Snow White, walks from one room on a red carpet followed by flag holders and guards.
Chorus:
The new queen, Snow White cometh
Behold, behold
A new queen stands before us
Behold, behold, behold
She comes to the others as Stargazer holds up a pillow with a light blue tiara, the wolf takes it and as Snow White kneels before him, he places it on her head. She arises then turns to the Seven Kitty Dwarfs giving off smiles, thumbs-ups, peace signs and "A-OK" signs. Then finally turning around to everyone else.
Behold, behold (behold, behold)
She, Flamewing and Hokey go to a balcony as Snow White waves to all the people and magical creatures cheering for her, also confetti and streamers fall to the ground.
The new queen, Snow White cometh
Behold, behold (behold, behold)
The new queen is
The new queen is here!
Snow White: I can honestly say I wouldn't be standing here now if it weren't for my very dear friends, the Seven Kitty Dwarfs and the trio of small magical creatures, Moonstone, Stargazer and Inferno. (turns to Kitty Dwarfs and Trio) Because of the friendships I have with all of you, I am forever grateful.

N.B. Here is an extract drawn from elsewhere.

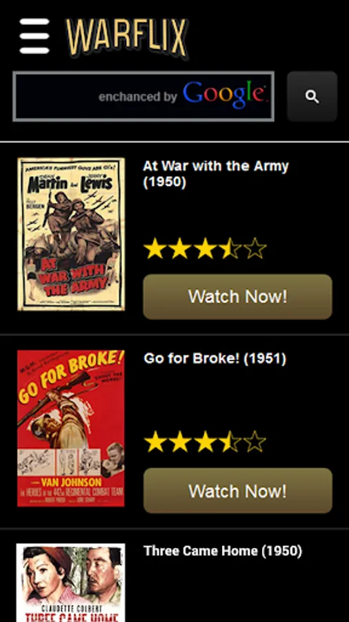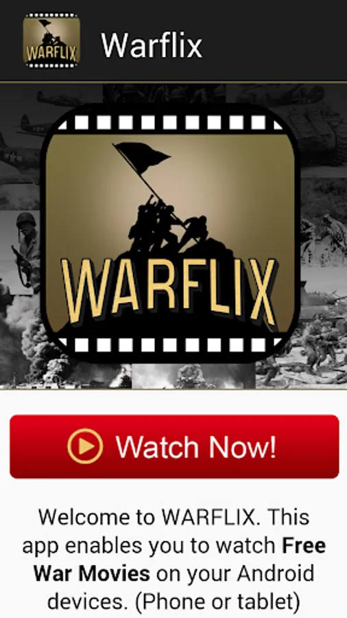 Who does not like free movies? The Warflix.tv application runs in your web browser and connects you to a large database of free historical war films you can watch on your Android smartphone, tablet or computer for free. No need to install anything else. Just get this app, sit back and enjoy some great war classics on your mobile device.

Thank you, friends, thank you, everyone!
Crowd: (Cheering)
The New Queen, wolf and Flamewing return inside the main hall on the throne, she sees TC wiping away tears.

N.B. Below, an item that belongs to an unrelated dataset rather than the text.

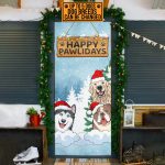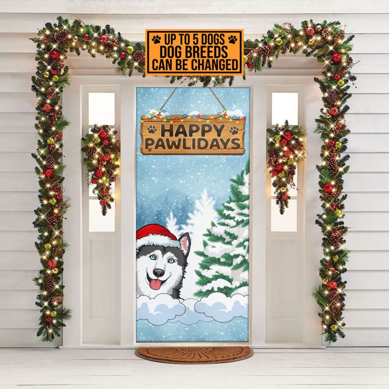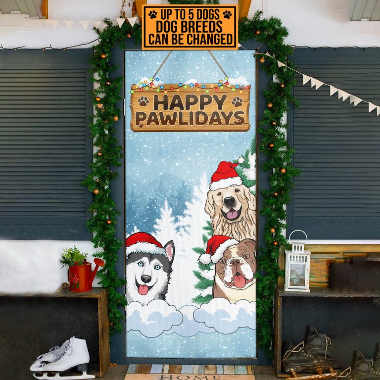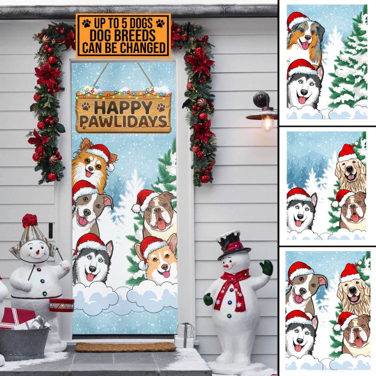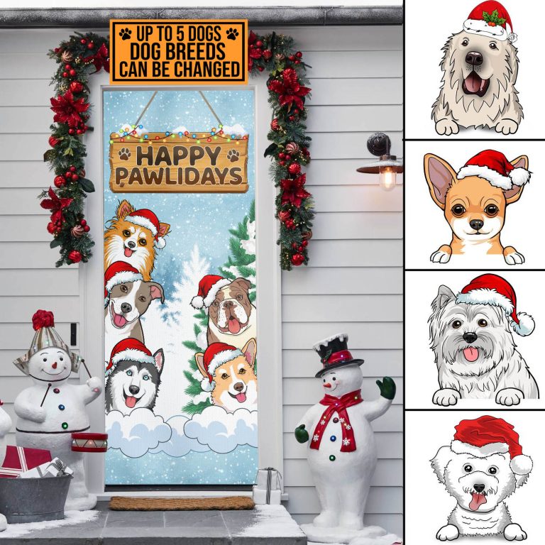 Let’s Shop Happy Pawlidays Personalized Dog Breeds Door Cover – Custom Christmas Peeking Dogs Decorative Door Banner!

Top Cat: (Sniffles) I'm so proud of you, Snow.
Snow White: TC, are you crying?
Top Cat: Of course not, it's… just … liquid pride. Totally different thing.
She just laughs as the Trio and Kitty Dwarfs all gather around her in a group hug.
Benny: We're all proud of you, princess, er, I mean, Your Majesty.
Brain: Duh, way to go, Your Queenliness.
Moonstone: We love you, Snow White.
Snow White: I love you all, darlings.
Within a moment, she takes her place on the throne as Hokey goes to her.
Hokey: If you don't mind me asking, Your Majesty, what would your first order of business be?
Snow White: As the new Queen, my first duty is to forbid the hunting and killing of dragons, I promise to help all humans and dragons live together peacefully.
Crowd: (Cheering)
Snow White: Also, as second duty, for the Seven Kitty Dwarfs, I wish to give them each a knighthood.
Without hesitation, the Kitty Dwarfs all kneel before their dear friend, the New Queen takes a scepter given by Hokey and knights each one of them. But that's not all, at the coronation, Stargazer is reunited with her six sisters, all making up a rainbow.
Sisters: Stargazer!
Stargazer: Oh, I missed you girls!
Red sister: We missed you too.
Green sister: I always knew you were a mighty dragon.
Moonstone also finds her parents, her mother a unicorn and father a Pegasus.
Mother: Moonstone, oh my little filly.
Moonstone: Mommy! Daddy!
Her mother licks her affectionately as her father gives a nuzzle to the baby Alicorn. Stargazer and her sister move into the palace upon Snow White's invitation while Moonstone and her parents move into the royal stable as per invitation by Snow White. As for Inferno, well Flamewing accepted Snow White's offer of being royal advisor and Inferno became his apprentice.
And so, they all lived Happily Ever After.
End of segment/story one.
References: There are not only similarities to the Disney version, but an episode of "Hello Kitty and Friends", Faerie Tale Theatre's Snow White, Jetlag productions "Snow White", Golden Films "Snow White", Mr. Magoo's "Little Snow White" and an episode of "Yogi's Treasure Hunt". See which scenes you can guess are inspired by which version.
The coronation is similar to the MLP:FiM episode "Magical Mystery Cure".
Disclaimer:
The following characters belong to Hanna-Barbera; Top Cat and his gang and Mr. Jinks (Seven Kitty Dwarfs), Hokey Wolf (Magic Mirror) and Yankee-Doodle-Pigeon (the messenger).I own Serenity Yang (Snow White), her parents (the good king and queen), the Trio and their families.